Here, you can select the action that Motific should perform when it detects that a prompt contains deliberately malicious, sensitive data theft, or data poisoning content. The actions that Motific can take are Pass or Block the malicious content from reaching the model.

  • To define malicious URL policy, select the Malicious URL option.
  • The following malicious URL and data protection content categories are available for you to define policies over:
    • Malicious URL- Malicious URLs are unsafe URLs that, if undetected, can cause phishing attacks, etc. Select a policy action for Motific to perform when it detects that a prompt is injected with malicious URL(s).

Off-topic content

Off-topic content policy, when set, helps keep conversations focused and relevant, preventing misuse of chatbots for unintended purposes.

Here, you can set actions for when Motific identifies that a prompt or a model output contains content from the restricted/uintended topics that you define. You are provided with fields where you can define the topic names that are considered to be off-topic or restricted while interacting with a LLM. For example, topics like dating, vacation, travel, and gaming etc., are topics that an organaization may regard as irrelevant to the users to be productive.

When Motific detects these topics in a prompt, that prompt can either be blocked from getting an inference from an LLM or can be passed to an LLM. Off-topic detection when set also examines the output of a model i.e., an LLM response for any restricted topic content. And depending on the action set, Motifc takes next course of action. This helps ensure that the interaction with the Gen AI apps is within the organization’s values and ethics.

The actions that Motific can take are Warn or Block the off-topic content.

  • To set off-topic detection policy actions, select the Off-topic detection template.
  • You can see the pre-populated fields available to enter the topics you want to restrict.
  • Enter the off-topic names on which the action needs to be taken.

PII content

PII content policy prevents the sharing of sensitive personal information with LLMs to safeguard user privacy.

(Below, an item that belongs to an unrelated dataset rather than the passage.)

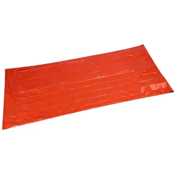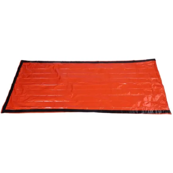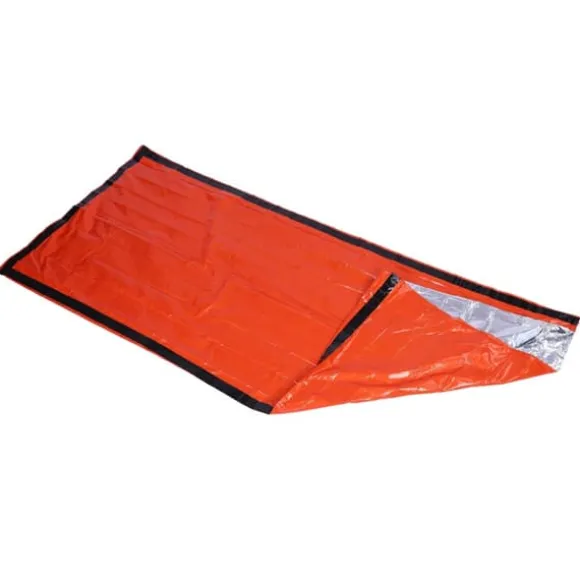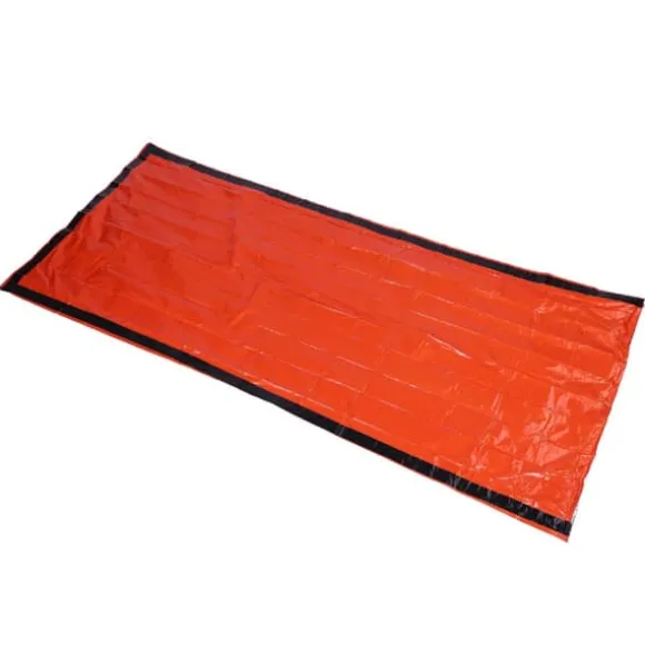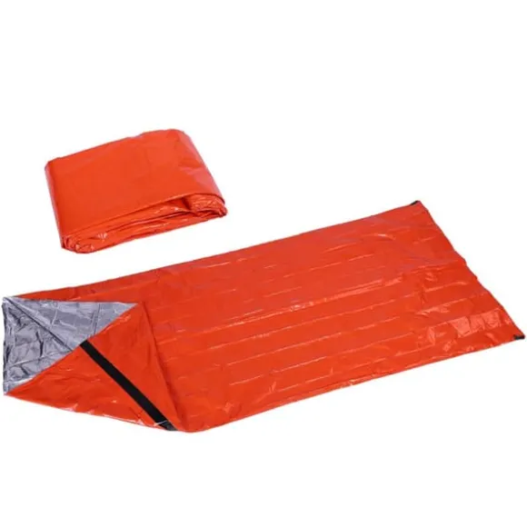 Denna nödsovsäck är gjord av PE-material, som kan reflektera värmen tillbaka till din kropp och hålla dig varm. Den är designad för att skydda dig från kylan och kan återanvändas flera gånger om den är försiktigt vikt. Vid camping kan den även användas för att stärka vindskyddseffekten utanför din sovsäck. Den ljusa orange färgen gör det lättare för räddningsteam att snabbt hitta dig i händelse av en nödsituation. Den är kompakt och praktisk, med en liten hopfällbar storlek som gör den bekväm att bära.

Here, you define an action that Motific should perform, when it detects that a prompt contains any or all the PII(Personally identifiable information) entities. This helps safeguard user’s privacy from unauthorized access and breaches. The actions that Motific can take are Pass, Block, or Redact the PII. By default, the action is set to Pass for each category.

  • To define PII content, select the PII content option.

  • The following PII categories are available for you to define policies over:

    • Credit cards- Select a policy action to perform when Motific detects that the prompt or inference response contains credit card numbers.
    • Email address- Select a policy action to perform when Motific detects that the prompt or inference response contains email addresses.
    • Person- Select a policy action to perform when Motific detects that the prompt or inference response contains a person’s details like first name, last name.
    • Phone numbers- Select a policy action to perform when Motific detects that the prompt contains a US phone number.
    • Location- Select a policy action to perform when Motific detects that the prompt or inference response contains a locations details like address, country, etc.
    • US social security numbers- Select a policy action to perform when Motific detects that the prompt contains US social security number(s).

Code presence

Code presence policy ensures the prompt is scanned for any vulnerable code.

Here you can set actions for when Motific identifies that a prompt sent to a model, or and inference output form a model contains code in coding languages such as Python, Java, or JavaScript. The actions that Motific can take are Pass or Block the insecure code.

When you are done configuring the policies, click Save policy button. And the policy is saved and displayed on the Policies page.